In the worldview of Martha Minow—and, it would appear, of Arne Duncan and Barack Obama—schools exist primarily to provide skills and opportunities for the individual. That’s why we call our federal education law “No Child Left Behind.” Especially in an economy based on expert knowledge, with new global competitors and challenges, every person should be able to obtain what Duncan pointedly calls a “world-class education.” So when our leaders invoke Brown v. Board of Education, they inevitably cite its promise of equal rights—for every American. “In these days, it is doubtful that any child may reasonably be expected to succeed in life if he is denied the opportunity of an education,” the Brown decree said. “Such an opportunity, where the state has undertaken to provide it, is a right which must be made available to all on equal terms.” We object, quite appropriately, when anyone is denied this right because of inherited characteristics: race, gender, poverty, disability, and so on.

But Brown also spoke to a collective purpose for schools, which we seem to have forgotten. “Compulsory school attendance laws and the great expenditures for education both demonstrate our recognition of the importance of education to our democratic society,” the Court declared. “It is required in the performance of our most basic public responsibilities, even service in the armed forces. It is the very foundation of good citizenship.” This means that education is more than just an individual right. It also is—or should be—central to our civic life, teaching us the skills and habits of democracy: reason, deliberation, tolerance, fairness, compromise, and more.10 Surely, in a society that becomes more diverse by the hour, one of those skills is the capacity to interact and communicate with peoples of different races, religions, and cultures.

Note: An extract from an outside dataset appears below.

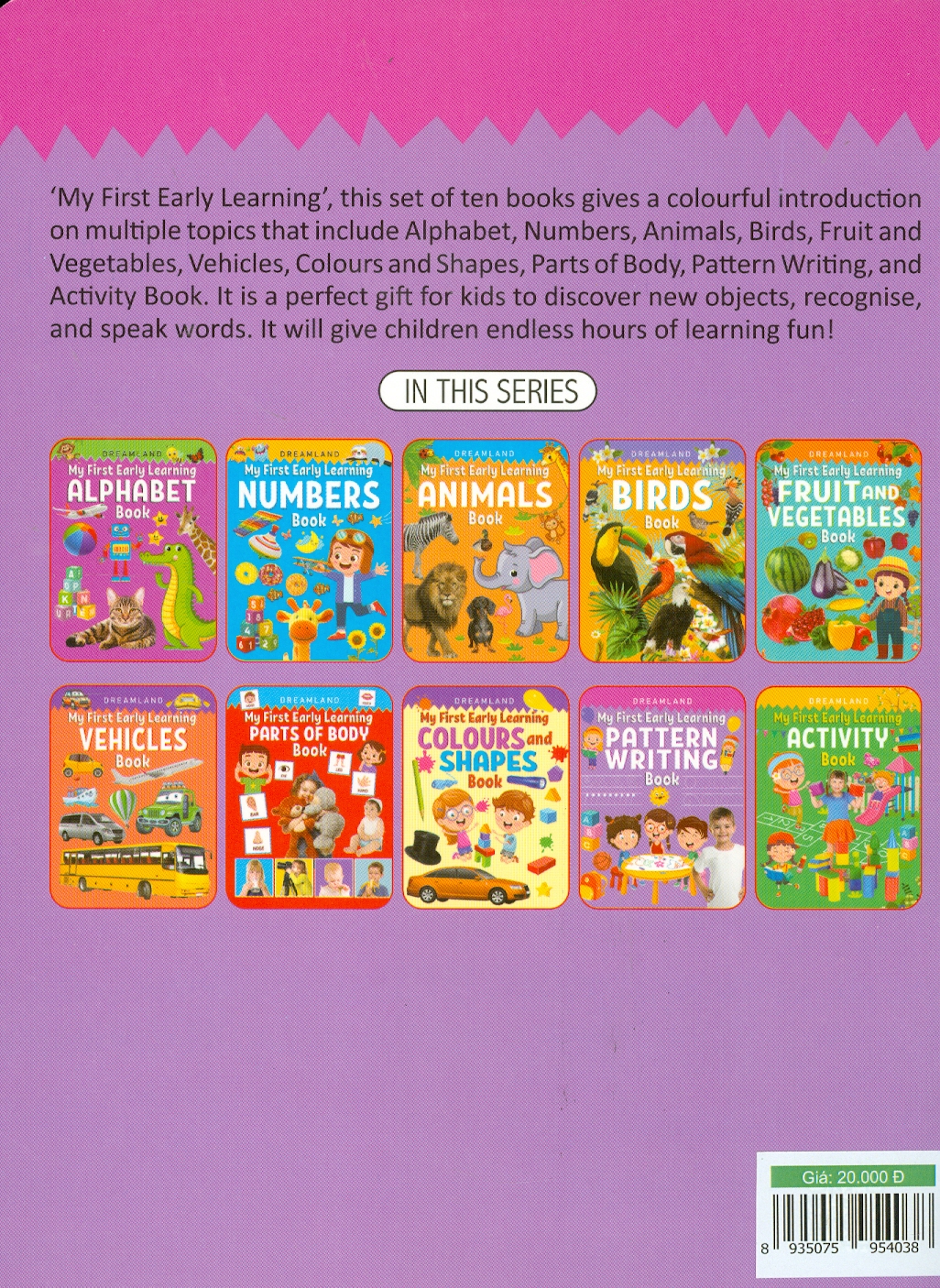 Mua tại Tiktok'My First Early Learning' gồm 10 cuốn sách:- Bảng chữ cái, Số, Động vật, Chim, Trái cây và Rau củ, Màu sắc và Hình dạng, Các bộ phận của Cơ thể, Viết theo Mẫu và Hoạt động. Bộ sách vui nhộn và mang tính giáo dục với những hình ảnh dễ thương sống động này là sự lựa chọn tốt nhất cho trẻ em.

The Supreme Court actually recognized such an imperative when it upheld a law school affirmative action plan in Grutter v. Bollinger (2003), confirming the school’s “compelling interest in obtaining the educational benefits that flow from a diverse student body.” But in Parents Involved in Community Schools v. Seattle School District No. 1 (2007), the Court barred the district from considering race in making school assignments for K–12 students. “Racial balancing is not transformed…to a compelling state interest simply by relabeling it ‘racial diversity,'” wrote Chief Justice John Roberts, in the plurality opinion. Roberts went on to note that social scientists were—surprise—divided about the supposedly salutary effects of diverse schools. In their friend-of-the-court briefs, he wrote, the litigants in Grutter “dispute whether racial diversity in fact has a marked impact on test scores and other objective yardsticks or achieves intangible socialization benefits.”

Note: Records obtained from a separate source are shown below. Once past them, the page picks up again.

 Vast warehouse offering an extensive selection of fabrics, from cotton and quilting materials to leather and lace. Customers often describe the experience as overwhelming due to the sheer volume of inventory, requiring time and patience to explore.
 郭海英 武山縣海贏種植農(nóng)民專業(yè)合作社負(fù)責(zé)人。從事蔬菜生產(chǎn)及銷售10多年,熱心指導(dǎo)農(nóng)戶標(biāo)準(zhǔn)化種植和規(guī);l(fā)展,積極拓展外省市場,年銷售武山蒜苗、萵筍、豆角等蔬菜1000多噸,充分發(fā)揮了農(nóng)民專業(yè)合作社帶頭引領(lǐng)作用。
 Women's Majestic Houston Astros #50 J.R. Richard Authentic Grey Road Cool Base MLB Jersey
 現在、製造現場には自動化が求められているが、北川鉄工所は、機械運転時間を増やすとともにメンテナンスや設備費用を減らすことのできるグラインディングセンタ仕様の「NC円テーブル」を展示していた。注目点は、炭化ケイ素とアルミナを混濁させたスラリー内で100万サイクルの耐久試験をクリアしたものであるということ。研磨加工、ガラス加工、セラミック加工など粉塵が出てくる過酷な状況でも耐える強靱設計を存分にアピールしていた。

Live by the social science, die by the social science. Minow obviously opposes Roberts’s opinion, mentioning it each time that she bemoans the “disappointing” persistence of racial segregation in our schools. Without a real theory of civic education, however, she cannot rebut Roberts. Under the current educational model, which prizes individual rights above all, integration by race—or by gender, disability, or anything else—can be justified only if it yields tangible benefits to the individual; and surely some individuals will benefit more—or less—than others.

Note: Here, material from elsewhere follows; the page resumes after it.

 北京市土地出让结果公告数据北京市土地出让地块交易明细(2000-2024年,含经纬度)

But schools have a civic purpose, too, which might help us imagine a new line of argument. Perhaps integrated education would be better for all of us, as citizens of a common polity, regardless of any personal advantages we might derive from it. Whatever you think of our public schools, they remain our central vehicle for deliberating on and transmitting the values we want future generations to absorb and believe. Right now, the central values are individual equality and achievement; but schools should promote collective goals, too, that can’t be measured by a standardized test. To make a fresh case for schools integrated by race, especially, we need to think less about race—and more about schools.